Beowulf,” says Wealthow, stepping between the priest and her husband. “Stop it this minute.”

“But I haven’t yet asked him about Ragnarök,” Beowulf protests.

At last, the priest lifts his head and dares to meet Beowulf’s gaze from behind the protective barrier of the queen. “It is a heathen faerie story, this Ragnarök,” and then to Wealthow he adds, “Your husband is an infidel, and I will not be ridiculed—”

“I only asked—” begins Beowulf, but the cold fire in Wealthow’s eyes silences him.

“Forgive him, Father,” she says. “He is a difficult old man and too set in his ways.”

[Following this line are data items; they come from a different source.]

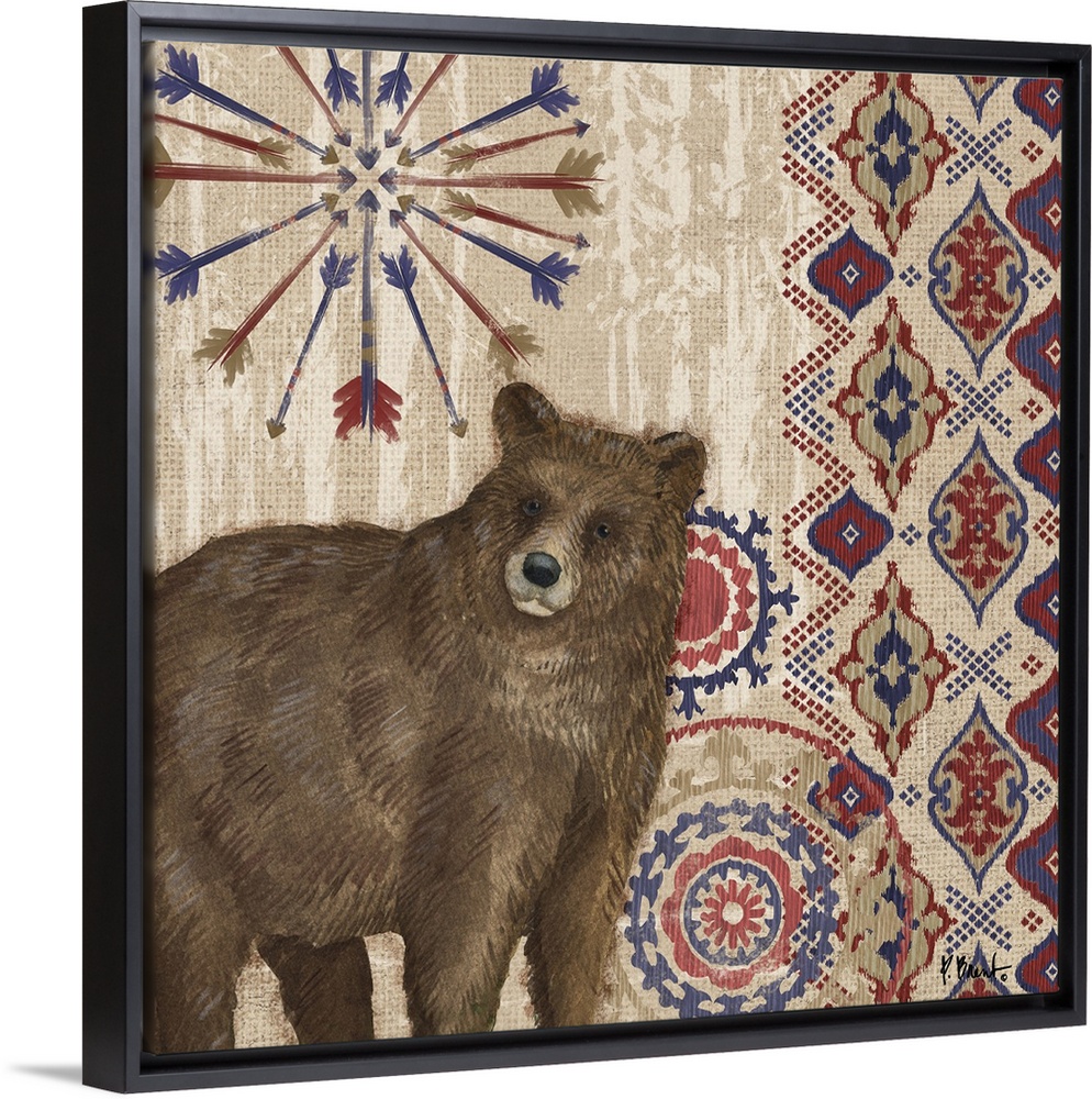 <p>Decorative artwork of a bear with folk patterns and arrows on a wood texture.</p>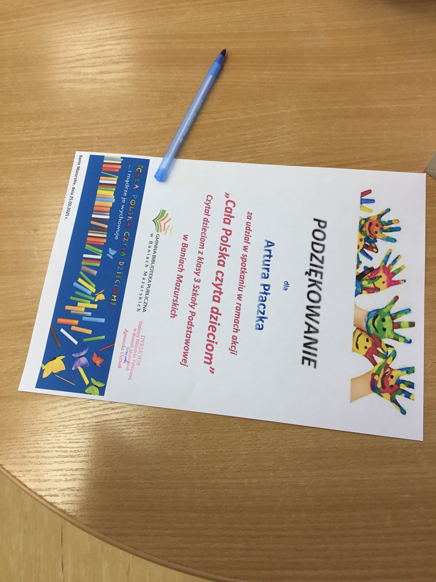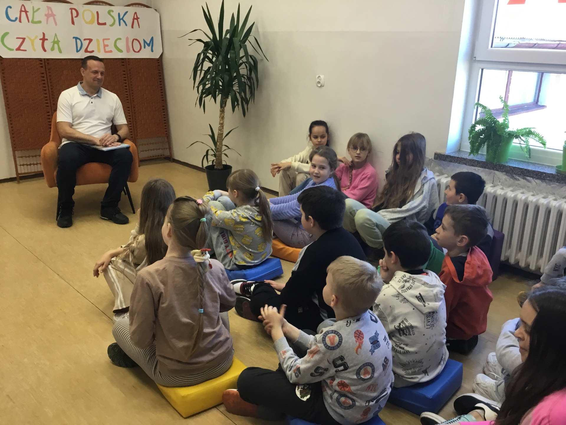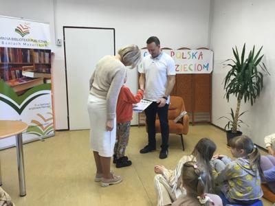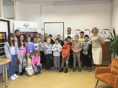 W ramach akcji „Cała Polska czyta dzieciom”, 25 marca 2025 r. w Gminnej Bibliotece Publicznej gościliśmy pana Artura Płaczka, trenera grupy piłkarskiej Orły Baniach Mazurskich.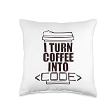 I Turn Coffee INTO Code Fun Web Developers Coding Meme Throw Pillow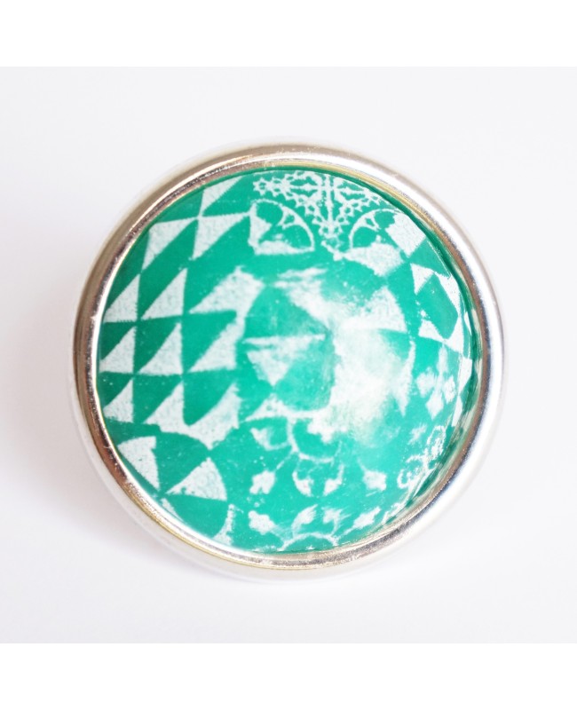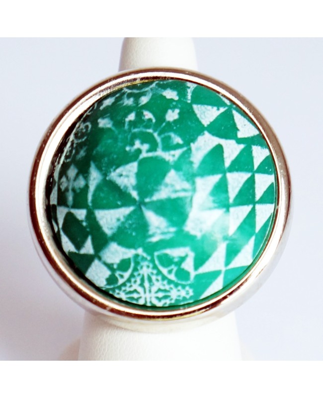 Escape is on the horizon with this adjustable, 100% handmade ring. With a 4 cm diameter, the decorative head of this fashion jewelery ring was made in our workshop from green polymer clay. A white azulejos pattern is then added and is reminiscent of the earthenware tiles which decorate Portuguese walls. Everything is secured to an adjustable silver-plated ring support. So why wait any longer to escape on holiday all year round?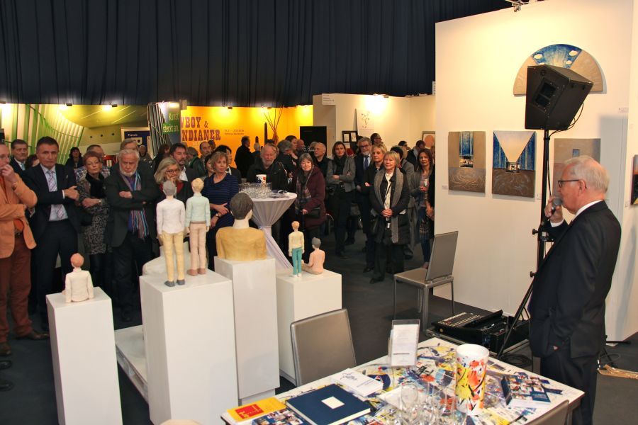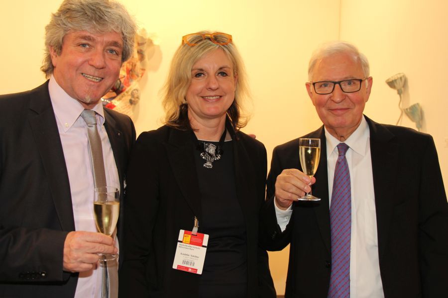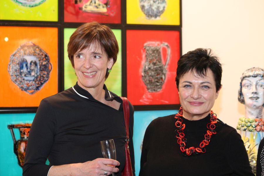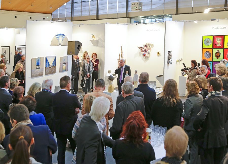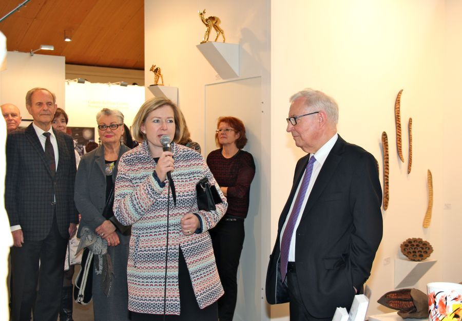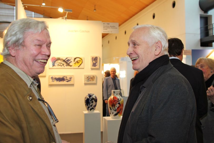 Auch in diesem Jahr nutzte die Majolika das attraktive Forum der „art“, um die neuesten Keramik-Arbeiten ihrer Künstlerinnen und Künstler zu präsentieren. Unter ihnen waren Stephan Balkenhohl, Joachim Czichon, Hiromi Fujiwara, Hannelore Langhans, Sybille Onnen, Eva Schaeuble, Franziska Schemel, Enno-Ilka Uhde und Günter Wagner. Beim traditionellen art-Empfang der Majolika-Stiftung hatten die Gäste Gelegenheit zu interessanten Begegnungen und anregenden Gesprächen. In seiner Begrüßungsansprache dankte Stiftungsvorstand Klaus Lindemann allen Künstlerinnen und Künstlern, aber auch den engagierten Mitarbeiterinnen und Mitarbeitern der Keramik-Manufaktur unter der Leitung von GmbH-Geschäftsführer Dr. Dieter Kistner für ihre wertvolle Arbeit. Trotz derzeit eingeschränkter Produktionsmöglichkeiten und schwieriger Rahmenbedingungen wegen des hohen Sanierungsstaus an dem über dem 100 Jahre alten Gebäudekomplex und zwei fast 20 m hohen einsturzgefährdeter Kamine am Ahaweg gehen, wie Klaus Lindemann betonte, die Arbeiten in der Manufaktur konsequent weiter. Man warte jetzt auf die seit Monaten zugesagten Machbarkeitsstudien von Stadt und Land, die eine Perspektive über die künftige Nutzung des Gesamtareals beinhalten sollen. Ihrerseits arbeitet die Majolika an einem tragfähigen, zukunftsorientierten Fortführungskonzept.

“That’s right,” mumbles Beowulf. “I’m hopeless. Please, do not mind me.” And Beowulf puts an arm tight about Ursula and holds her close to him, but she tries to pull away.

“We will speak later, husband,” Wealthow says.

“Of that I am certain,” Beowulf replies, and Queen Wealthow and the priest turn away and head back across the causeway toward the east tower. The snow is falling harder now, becoming a storm, and soon Beowulf loses sight of them in the mist and swirling snowfall.